Question 11. Find the smallest positive integer value of n for which\frac{(1+i)^n}{(1-i)^{n-2}}  is a real number.

Solution:

We have, z =\frac{(1+i)^n}{(1-i)^{n-2}}

=\frac{(1+i)^n(1-i)^2}{(1-i)^{n-2}(1-i)^2}

=\frac{(1+i)^n}{(1-i)^n}×(1-i)^2

=\left(\frac{1+i}{1-i}\right)^n×(1+i^2-2i)

=\left[\frac{(1+i)^2}{(1-i)(1+i)}\right]^n×(-2i)

=\left[\frac{1+i^2+2i}{1-i^2}\right]^n×(-2i)

=\left(\frac{2i}{2}\right)^n×(-2i)

= iⁿ × (−2i)

= −2iⁿ⁺¹

For n = 1, we have z = −2i¹⁺¹

= −2i²

= 2, which is real

Therefore, the smallest positive integer value of n for which is a real number\frac{(1+i)^n}{(1-i)^{n-2}}  is 1.
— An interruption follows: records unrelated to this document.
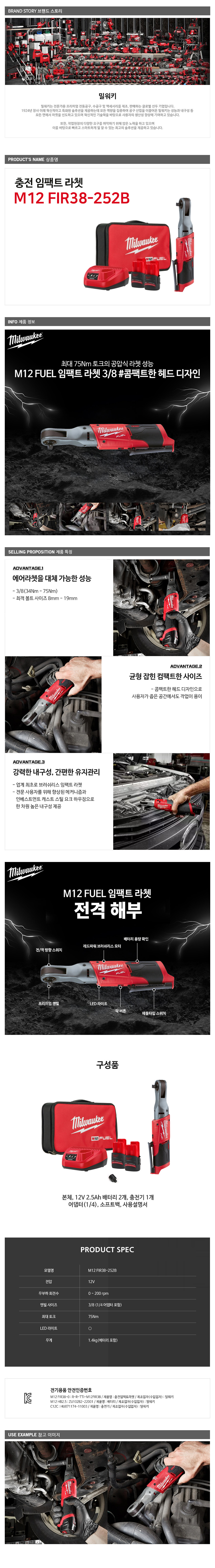 밀워키 M12 FIR38-252B 충전임팩라쳇렌치 12V 2.5AH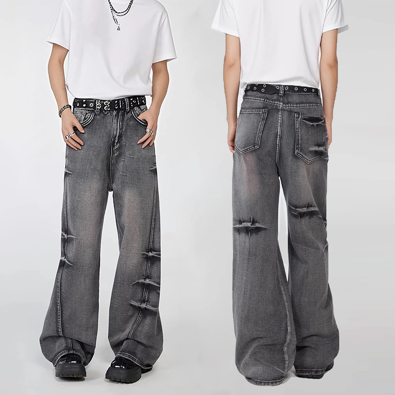 Baggy Pants Celana Retro Jeans Pria Distro Terbaru Celana Casual Korean Style Pria Straight Jeans Grey Denim Murah Grati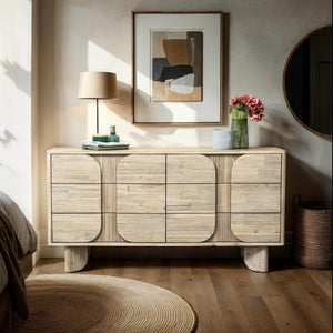This Dresser a masterpiece of craftsmanship made from solid acacia and MDF acacia veneer, finished with a brushed texture. This elegant dresser features six drawers with normal runners and a unique hidden catch handle system that seamlessly integrates into the design.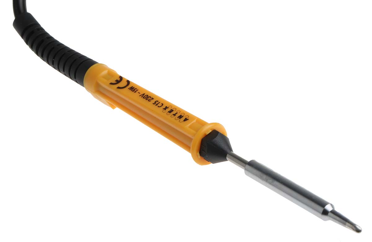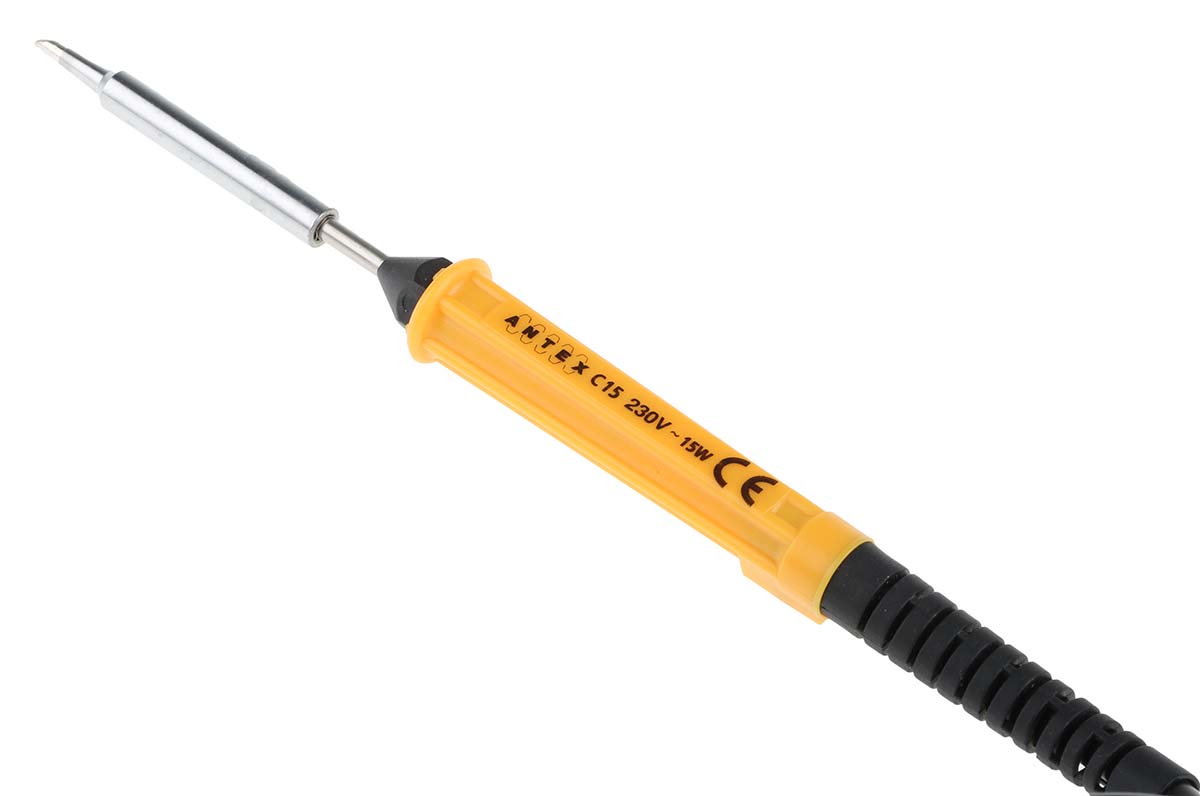 This is 230V ac Electrical Soldering Iron 15W UK Plug manufactured by Antex Electronics. The manufacturer part number is S272470. This product carries 15w. It supports electric type power . The plug is a highly reliable uk with long service life. Its tip is of mk2 series . Its input voltage is 230v. The soldering tip has 370°c temperature . It comes in soldering iron configuration.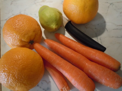 Pomarancza i cytryne obieramy ze skorki, kroimy na 2 lub wiecej czesci. Marchew obieramy. Wszystko wrzucamy do sokowirowki i gotowe!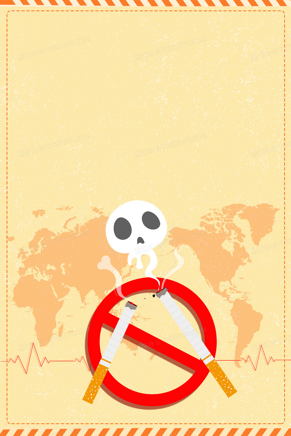 本作品内容为简约世界无烟日标识背景, 格式为 psd, 大小16 MB, 图片尺寸为3543 x 5315, 作品中背景图片无需修改, 源文件无水印,可以直接使用, 欢迎使用熊猫办公。 如认为平台内容涉嫌侵权,可通过邮件:tousu@tukuppt.com提出书面通知,我们将及时处理。

Question 12. If\left(\frac{1+i}{1-i}\right)^3–\left(\frac{1-i}{1+i}\right)^3=x+iy  , find (x, y).

Solution:

We have,

=>\left[\frac{(1+i)^2}{(1-i)(1+i)}\right]^3–\left[\frac{(1-i)^2}{(1+i)(1-i)}\right]^3=x+iy

=>\left[\frac{1+i^2+2i}{1-i^2}\right]^3–\left[\frac{1+i^2-2i}{1-i^2}\right]^3=x+iy

=>\left[\frac{2i}{2}\right]^3–\left[\frac{-2i}{2}\right]^3=x+iy

=> i³ – (–i³) = x + iy

=> 2i³ = x + iy

=> x + iy = −2i

On comparing real and imaginary parts on both sides, we get,

=> (x, y) = (0, −2)

Question 13. If\frac{(1+i)^2}{2-i} = x + iy  , find x + y.

Solution:

We have,

=>\frac{(1+i)^2}{2-i} = x + iy

=>\frac{(1+i^2+2i)(2+i)}{(2-i)(2+i)} = x + iy

=>\frac{2i(2+i)}{4+1} = x + iy

=>\frac{2i^2+4i}{5} = x + iy

=>\frac{-2}{5}+\frac{4i}{5} = x + iy

On comparing real and imaginary parts on both sides, we get,

=> x = −2/5 and y = 4/5

So, x + y = −2/5 + 4/5

= (−2+4)/5

= 2/5

Therefore, the value of (x + y) is 2/5.

Conclusion

Mastering the operations on complex numbers such as the addition, subtraction, multiplication and division is crucial for the solving many algebraic problems. Exercise 13.2 from RD Sharma Class 11 Mathematics helps students solidify their understanding of these basic concepts. Solving a variety of the problems enhances the conceptual grasp of the complex numbers and their properties.